Museum at LA's Hall of Justice to feature jail cell occupied by famous felons

LOS ANGELES (KABC) -- Fragments of the Los Angeles County Sheriff's Department's history have been stored in books and boxes throughout the years. A catalog of 165 years of photos and relics will now be moved into a new museum in the basement of the renovated Hall of Justice in downtown Los Angeles, where it will offer visitors a look into the building's past.

The jail was a state-of-the-art facility when it opened in 1925, but deputies soon learned it had significant security flaws.

"The first year, we had nearly 20 escapes," said LASD historian Michael Fratantoni. "The first escape was a 16-year-old kid [who] attempted to climb down the building -- the classic, tying sheets together. He actually fell to his death."

PHOTOS: L.A.'s Hall of Justice once home to notorious criminals


The jail housed notorious serial killer Charles Manson, Robert Mitchum and Sirhan Sirhan, who killed Sen. Robert F. Kennedy. It also housed many common folks too, especially in the late 1800s when people were just plain-hungry.

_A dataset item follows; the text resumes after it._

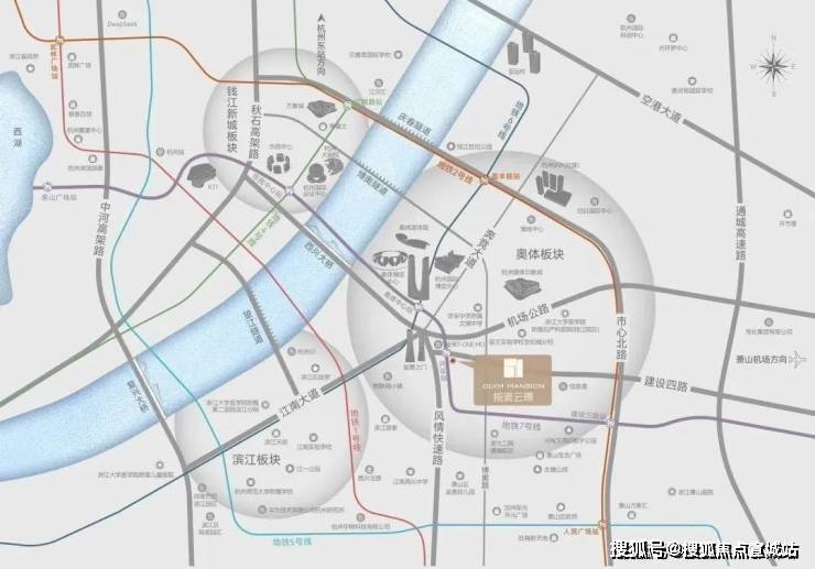 周边大小“莲花碗”、T-ONEMO(在建)、奥体中心、奥体印象城、滨江银泰城、杭州SKP(在建)等地标建筑星罗棋布,构建起一个资源高度聚集的城市封面区域。同时,项目往西约200米便是重要交通干道风情大道,依托三横两纵的便捷路网,能够快速通达滨江区政府、万象城、来福士、市民中心等城市关键节点,交通优势显著。

"People were getting arrested, basically, just to come to the county jail for a meal," Fratantoni said.

On his first day in his new office in the Hall of Justice, Sheriff Jim McDonnell says that history is what both the public and the department learns from.

"We stand on the shoulders of those who came before us," McDonnell said. "It's our duty to be able to build on that foundation and leave things better for the future generations than they were for us."

There's no estimate on when the museum will open. Fratantoni says there's a mountain of work still ahead to archive a century-and-a-half of true crime and true crime-solving.